Disproportionate numbers of black youth are arrested, but not charged, “in the name of public safety” in Oakland according to “From Report Card to Criminal Record: The Impact of Policing On Oakland Youth,”  a new report issued by Black Organizing Project, Public Counsel, and the ACLU of Northern California


In their report summary, the authors say their findings reveal “disturbing trends in disproportionate arrests and law enforcement contacts with youth of color, coupled with the underfunding of counselors, mental health professionals, and others whose presence could work to reduce the need for law enforcement.” And the authors provide the incredible data that on average over a seven year period, black youths accounted for 73.5 percent of all juvenile arrests by the Oakland Police Department each year, even though they made up just 29 percent of the Oakland youth population.

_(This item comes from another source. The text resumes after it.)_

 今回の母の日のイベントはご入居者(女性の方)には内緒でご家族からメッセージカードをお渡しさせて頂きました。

The report also shows that more than half of the arrests of black youth did not lead to charges or further involvement by probation officials, and black youth represented 78 percent of those whose arrests were not "sustained" according to the report's authors.

“This raises questions about the appropriate role of police in our schools,” the report says. “Why are police being called for so many non-serious incidents, situations that may be better handled by counselors, administrators, school staff or parent volunteers?”

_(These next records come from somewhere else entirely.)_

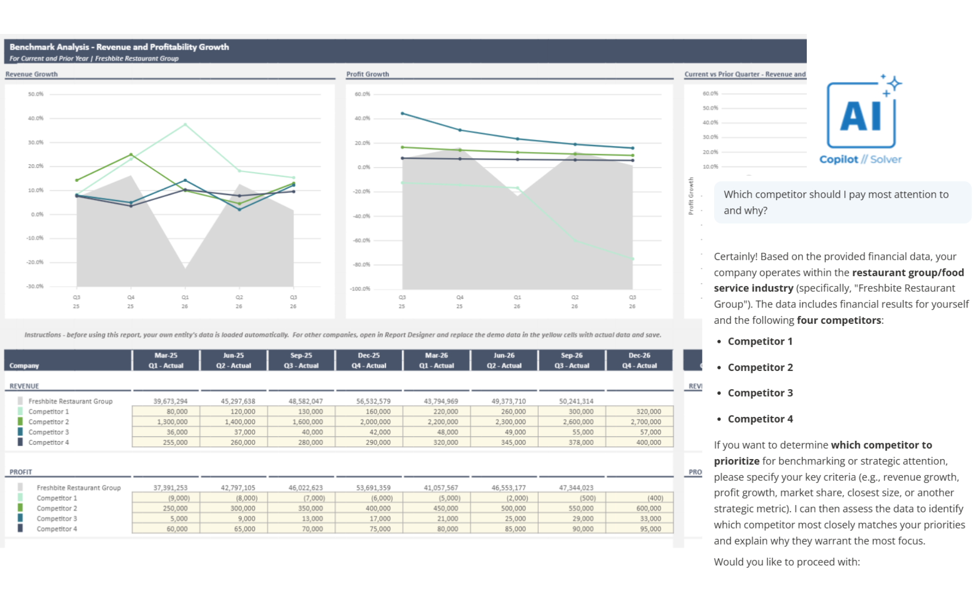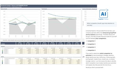 The Retail - Restaurant – Dashboard – Benchmark Analysis in Solver is a pre-built xFP&A dashboard template in the Solver Template Marketplace for the retail industry.
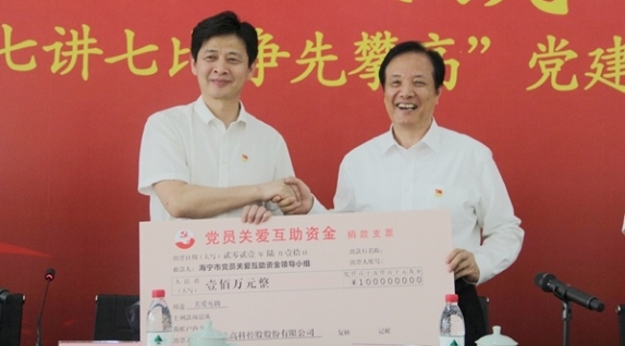 向海寧黨員關(guān)愛互助資金捐贈(zèng)100萬
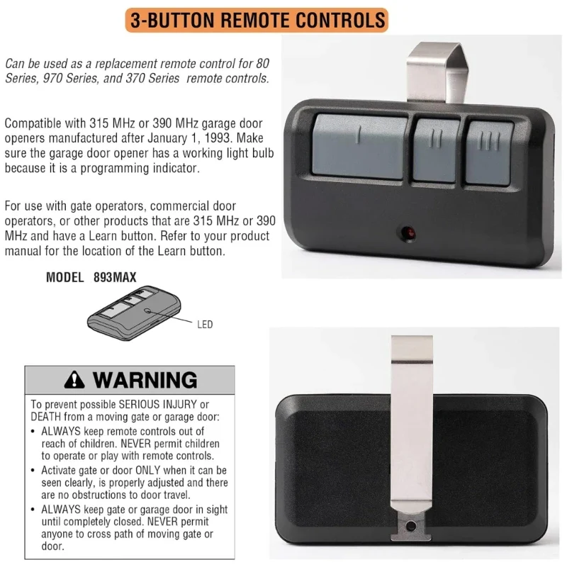 - 893LM security+ three-button remote control is a multi-function remote used to control garage door openers, gate operators, or For MyQ enabled light accessories. This unit gives you the ability to open 3 separate doors or gates, or a combination of 3 doors, gates, or lighting units. This garage door remote gives you a simple way to open and shut your garage door wirelessly and automatically. It's easy to code because there are only 3 buttons to choose from, making it user-friendly. It comes equipped with a visor clip that attaches to your vehicle's visor for easy access. It is also equipped with multi-frequency Security+ 2.0 rolling code technology that eliminates radio wave interference. This makes it virtually impossible for anyone to steal your remote control signal, and it also issues a new code every time you use it. A long-life 3V lithium battery is included for your convenience. The battery life for this remote is an average of 5 years due to its low 3V voltage.
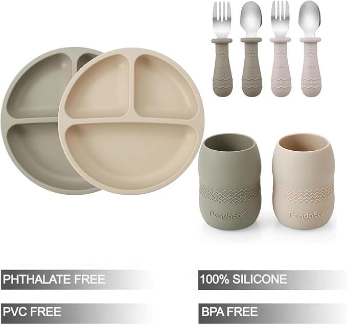 PandaEar Silicone Baby Feeding Set| 2 Pack Silicone Divided Suction Plate and 2 Pack Tiny Cup with 2 Spoons 2 Forks| Baby Led Weaning Supplies Self Feeding Eating Utensils (Silverware Set)

According to the report, Oakland Unified School District employs 20.5 school counselors—meaning just one school counselor for every 1,854 students.

While the report does not cite the number of arrests in or near schools in particular, it does note that police forces within Oakland's schools alone made 85 arrests from 2010 to 2012.

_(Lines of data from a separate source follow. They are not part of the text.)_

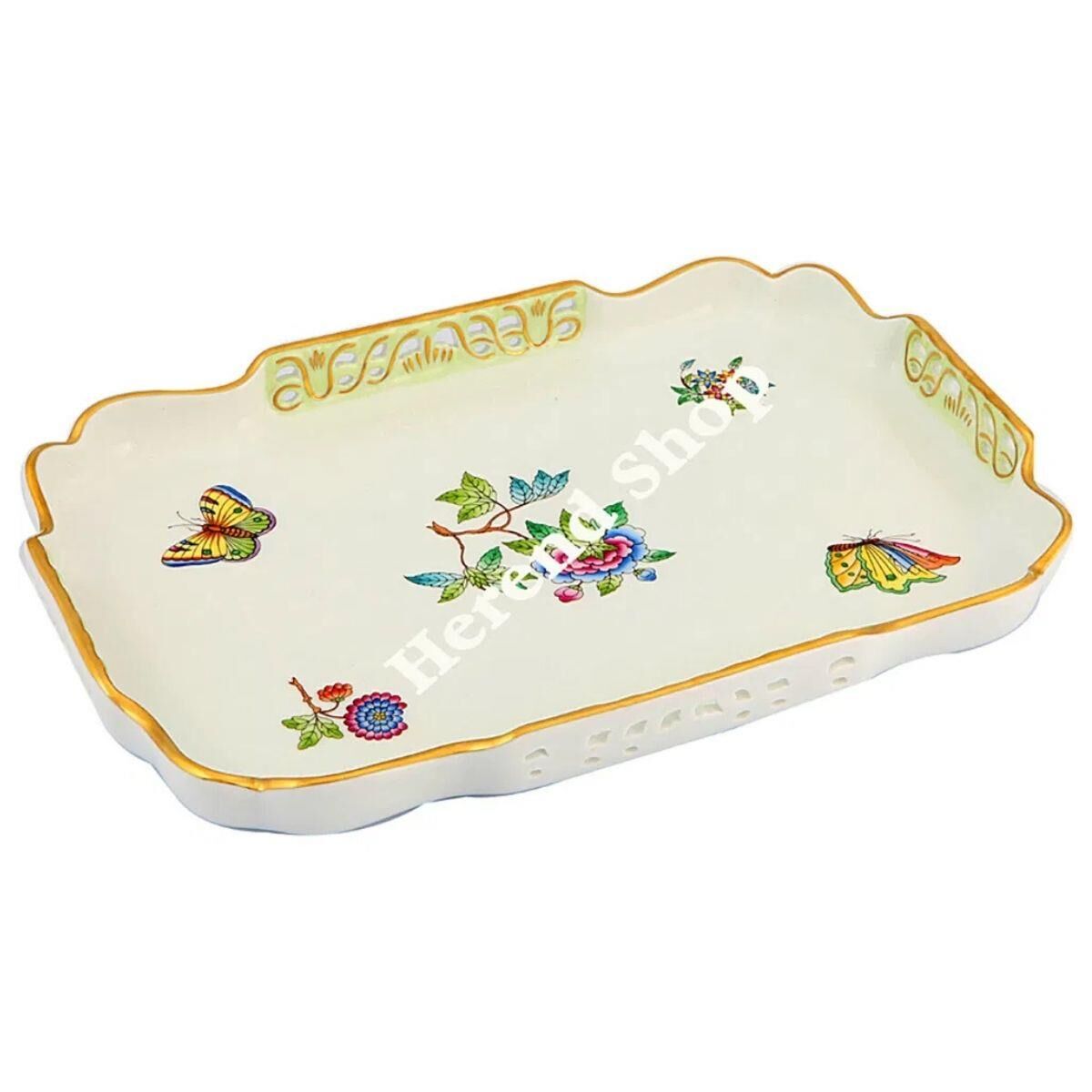 Dikdörtgen servis, VICTORIA desen, birbirinden özel dekor ve desenlere sahip el boyaması Herend Porselen koleksiyonu ile sofralarınızı zenginleştirin. Servis parça ve tabaklarını değişik boylarda yemek tabakları ile tamamlayabilirsiniz. Herend porselen yemek takımınızı oluştururken, takım parçalarınızı tekli olarak seçebilir arzunuza göre set oluşturabilirsiniz. Ayrıca birbirinden farklı desen ve dekorları da karıştırabilirsiniz. Bu dikdörtgen servis tabağının yemek takımı, büyük, küçük, renkli, çeşitli servis tabakları, kulplu servis tabakları, çorbalık, meze tabakları, yuvarlak servisleri, kare servisleri, salata servisleri, pilav servisi, sebze servisi, büyük küçük kaseleri ve kapaklı servis parçaları mevcuttur.
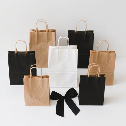 תיק קניות נייר קראפט מותאם אישית שחור לבן חום ממוחזר עם לוגו מותאם אישית עבור העסק שלך
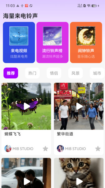 来电铃声视频美app是一款手机来电铃声软件,用户在线可以进行个性化定制编辑,操作简洁不复杂,同时可以同步在线预览效果,拥有丰富海量的视频模板,提供了各种铃声库,将网络上各种热门歌曲全部合集到一起,用户可以轻松制作设定,告别枯燥单一的铃声,帮您开启元气满满的每一天,线上的素材库会定期更新,用户可以将喜欢的进行收藏!
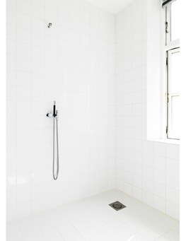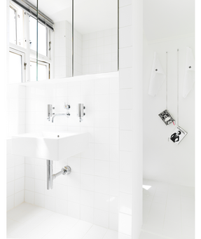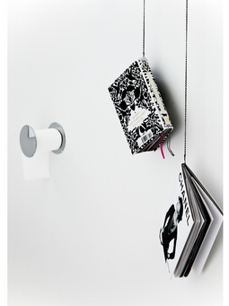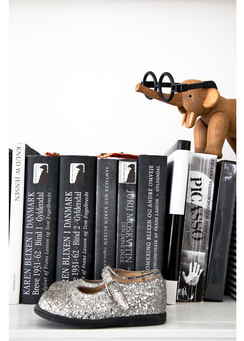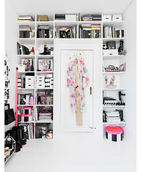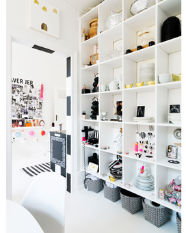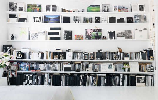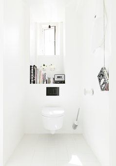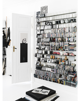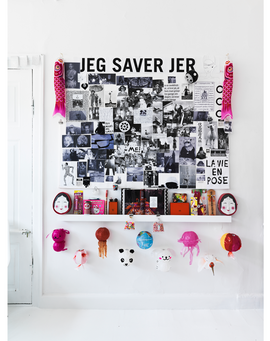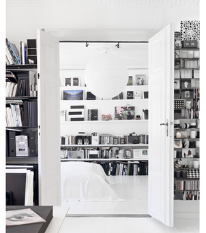 Når man sætter sig på toilettet, flyver en smuk bog, der hænger ned fra loftet i en snor, næsten ind i hånden på én, og bøgerne i de lange bogreoler er alle konsekvent bundet ind i sort-hvidt bogbind, som giver en æstetisk ro og en grafisk effekt i rummet. Sort-hvid fotografier af inspirationskilder og forbilleder som Pippi Langstrømpe, Coco Chanel og Albert Einstein giver et meget levende hjem, hvor man mildest talt føler sig i godt selskab.
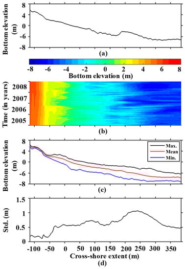 (a) An example of the beach profile variation along the pier (18 April 2005 at 7:00 am); (b) the beach profile variation during 2005–2008; (c) the mean, minimum, and maximum range of the beach profile; and (d) the standard deviation.

According to the summary, all the data shown in the report comes directly from Oakland Unified School District, the Oakland School Police Department, the Oakland Police Department and Alameda County Probation.

“Black youth were referred to the Alameda County Probation at more than two and a half times their percentage in the population," the report's summary reveals. "This means they are six times more likely than Hispanic youth, and 23 times more likely than white youth, to be arrested and referred to Alameda County Probation."

In the last two years alone, the report shows, black youth made up 30.5 percent of the Oakland School district’s population, but account for 73 percent of the Oakland School Police Department’s (OSPD) 85 reported arrests. In the same time, the OSPD did not report the arrest of a single white student.

In an August 29 article about the report, the Center for Public Integrity connected Oakland's decreasingly effective police force to the severe budget cutbacks the city of Oakland has faced since recession hit six years ago. The CPI article notes, due to its ever-deteriorating budget, Oakland’s city police department “has lost a quarter of its force since 2008” and Oakland’s violent crime rate rose almost 20 percent in one year between 2011 and 2012. 

The civil rights groups that compiled the report are demanding that Oakland’s schools better define the role of police and are demanding a “memorandum of understanding.” The groups are also asking both school and city police forces to increase their oversight of youth policing.

According to CPI, California legislators are “considering an amended proposal that would encourage schools to clarify police roles on campuses statewide in safety plans.”